The house where I grew up was two miles from Highway 61. That’s the historic blues highway that Bob Dylan referenced with Highway 61 Revisited, his 1965 album that, in turn, gave the film A Complete Unknown its name from a lyric in “Like a Rolling Stone.” To be fair, Dylan was talking about the parts of the highway that run down through St. Louis, Memphis, New Orleans, and the Delta. I grew up in Iowa—not exactly known for blues.

But I also knew that the man born Robert Zimmerman grew up even farther north than I did, in Duluth, Minnesota; and I know I used to bike to 61; and how after that, I’d drive to it and down it every day. It’s a part of the world that’d be wiped off the map with little protest.

You can imagine my deep initial connection to Dylan when I found out he’d written a world-class album name checking the road—even without the fact that he’s a Nobel Laureate (so was Winston Churchill, who died in 1965). Some said that the 1960s “started” with Highway 61 Revisited. It makes sense—Dylan had introduced the Beatles to marijuana in 1964, and the Fab Four might have landed in New York that same year, but it was in 1965 that they had three of their biggest #1s: “Ticket to Ride,” Help!” and “Yesterday.” The Rolling Stones weren’t far behind, fighting back with “(I Can’t Get No) Satisfaction” and the brilliant, babbling feakout “Get Off of My Cloud.” It was the year popular music finally reflected the desperation and despair the youth were feeling.
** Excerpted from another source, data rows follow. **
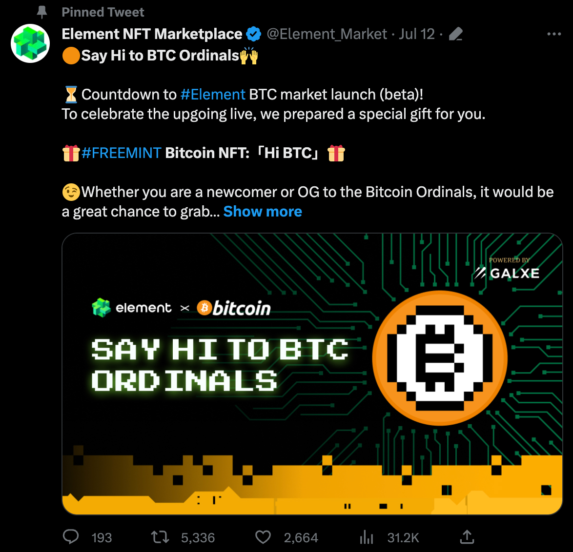 沈寂已久的 Element 宣布开放 BTC Ordiansl 市场内测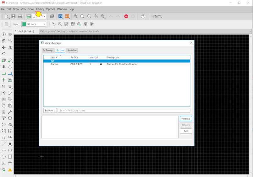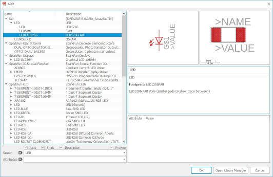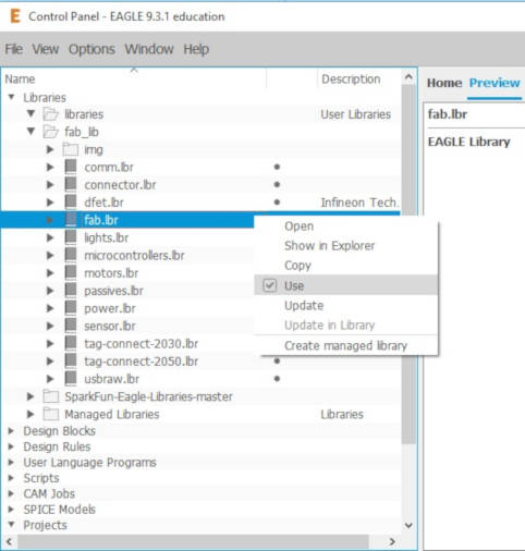 6. I selected "fab.lbr", right-mouse-click and select "Use". A big green dot next to the library indicate that it is in use. You could also turn-on other libraries, like "frame.lbr" from EAGLE, or libraries from SparkFun, etc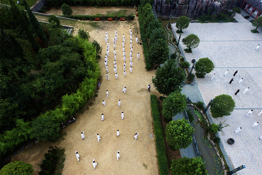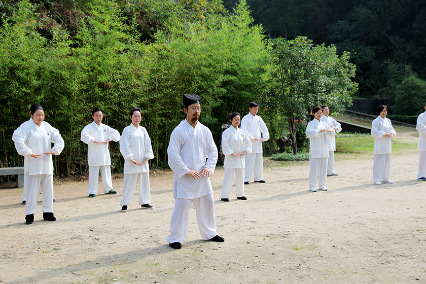 师行武馆中间一层平台,是上清台。师行亲授班的学员们接受陈道长的太极拳亲授课,亦是在此地进行。陈道长悉心为学员们讲解动作要领,指出其动作的不足之处,大家谨记要领,认真练习。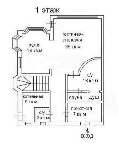 1-ый этаж: прихожая 7 кв.м, кухня-столовая 14 кв.м, гостиная 35 кв.м, сауна 18 кв.м, с/узел, кладовая 6 кв.м
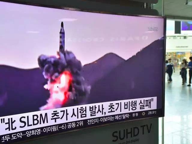 7月9日,韩国首都首尔一座火车站内,电视屏幕播放着朝鲜发射潜射导弹新闻。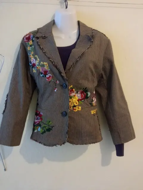 Blazer bordado. Hermoso blazer tipo gabardina bordado a manoNuevo Talla M Con forro

Rock wasn’t born as counter-culture music. It was rebellious, sure, but folk music was where the protest happened—that was where you dug deeper than just teenage love, sung about reshaping the world and raged at the status quo. Kennedy had been dead for two years, but the reverb wasn’t felt till Johnson was inducted in ’65 and the Voting Rights Act enacted the same year. That, and Vietnam’s escalating body count, finally ripped the generation gap open enough to bleed.
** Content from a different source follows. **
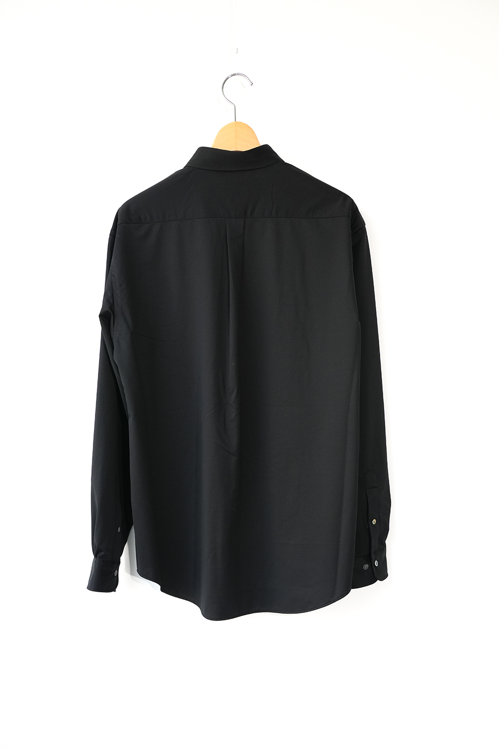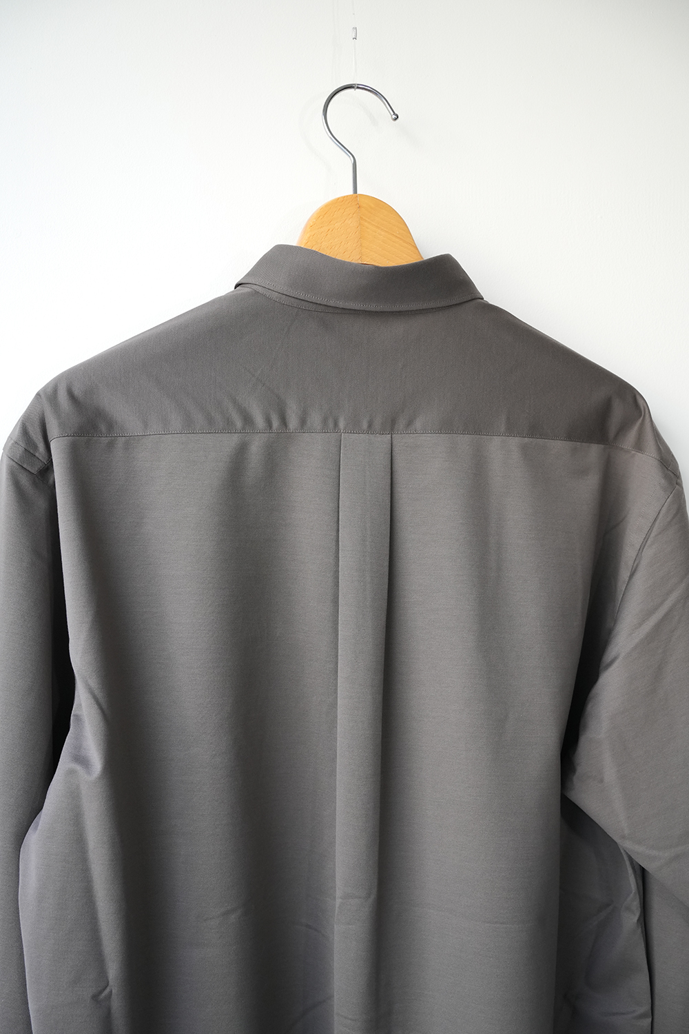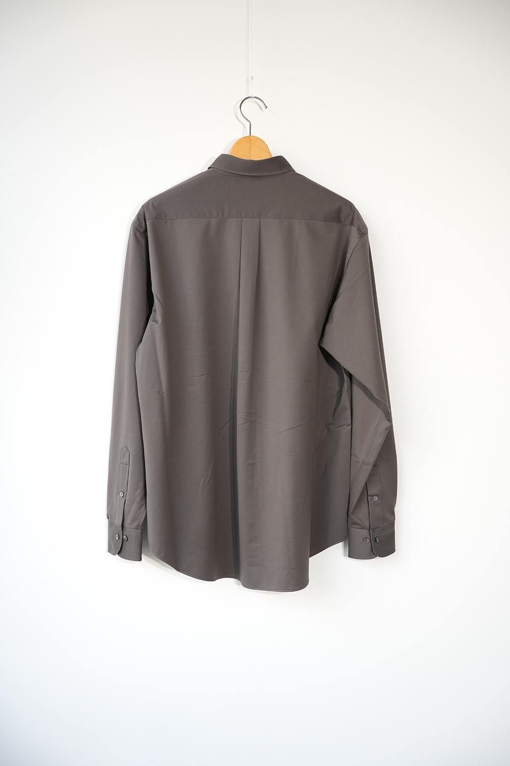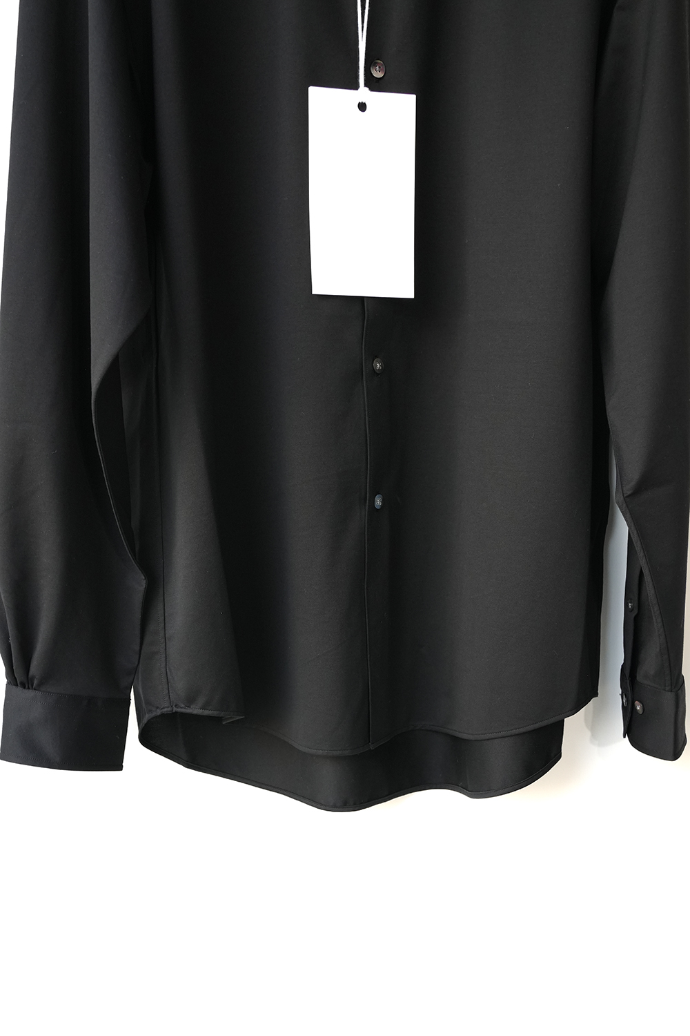 これぞ KANEMASA PHIL. 定番だからこその説得力。みんな知って欲しいど真ん中定番アイテム。“modest” 程よい肩幅から裾に向かってストンと落ちるシルエットは名前通り控え目なシルエットです。46G という、スーパーハイゲージで、タイプライターという織物の高密度平織組織を実現。 ストレッチ性が高く一度着ると止められない着心地、そして、着用時のしわなどの形態変化も少なく、イージーケア性も高い。 ハリ感、光沢感、イージーケアを持ち併せた我々にしかできないニュースタンダードシャツ地。ディティールは、ドレスシャツを採用し全て巻き伏せ本縫い仕様、貝蝶釦使いで。素材のハリ感、光沢感、そして塩梅の良いシルエット、生地が生み出すドレッシー感とパターンを融合させた、唯一無二のシャツ。袖のギャザーなどよりドレスなディティールに仕上げております。綿糸の原料は、120/1 という細番手リサイクルスビンコットンを双糸使い。糸もガス焼きしたものを使うことで、より光沢感と洗濯後の毛羽を抑えております。50D 高捲縮リサイクルナイロンを使用し、ストレッチ性を出しております。今シーズンから釦裏側にブランドロゴを入れております。KANEMASA PHIL.のスタンダードシャツ。※巻き伏せ本縫い-肌あたりが良くする為、生地の端が見えないように、一度ミシンをかけた後かぶせるように、もう一度ミシンをかける縫製方法。

Phil Ochs was the real protest music, but Dylan was too, for a time—until he went electric at the contentious Newport Folk Festival when he played three songs with an electric guitar and drums and someone in the crowd yelled “Judas!” and he yelled to the band “Play it fucking loud!” That was the start of my favorite Dylan era, the one beginning with Bringing It All Back Home, which opened breathless and immaculate with “Subterranean Homesick Blues,” and found time for “Mr. Tambourine Man” toward the end, a song I maybe love more than any in the world.


 Unlike the flat and Iowan Highway 61, the Sound of Music opens with ragged, sweeping shots of the Alps; when it was in theaters, teenagers in fatigues were being flown in Chinook helicopters across the sweeping Annamese Mountains (the Phou Luang in Lao, the Dãy Trường Sơn in Vietnamese).
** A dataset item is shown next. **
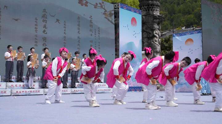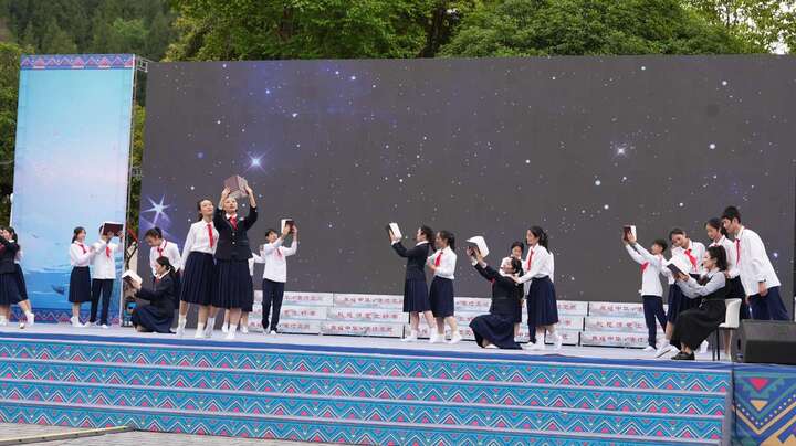 4月23日,在第31个世界读书日当天,由酉阳县教委主办、桃花源中学承办、县社科联等单位协办的“典耀中华·赓续文脉”2026年读书节成果汇报展演活动在桃花源广场举行。来自全县各中小学近千名师生代表齐聚现场,同台献礼书香盛会。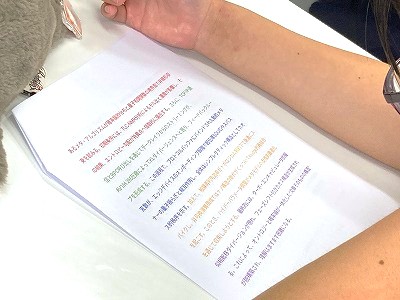 クラスメイトに協力してもらい、色づけされた文章を3分間見て記憶してもらったあと、穴埋めテストを実施!

The movie won Best Picture, one of the few deserving of the title, but it was an ostensible “anti-war” musical that decried the Nazis while the same class who championed it cheered on the jailing of those who dared to protest the war or the end of Jim Crow. That was back when the reactionary class posed themselves as protectors of aggressive normalcy, not pseudo-rebellious psychos that manufactured racial conspiracies as an excuse to deport citizens.


 I drive Highway 61 every year, sometimes twice—whenever I can afford to make it home. On the long drives back, over a third of this large country we stole, I sit sickened by the way the world is and has always been. Every year it’s even more, and I can rarely hold hope for the next time.

As my time on the Earth wanes, it’s not Bob Dylan I turn to anymore, but Nina Simone. Hers is a clean and clarifying truth, the kind stark enough to carry prison potential—both then and now. There’s a morbid comfort when you learn the violence you recognize isn't new to your lifetime; that others hold grief as inescapable as yours. The hills may be alive, but the Nazis never leave—and strange fruit is never far from hanging again.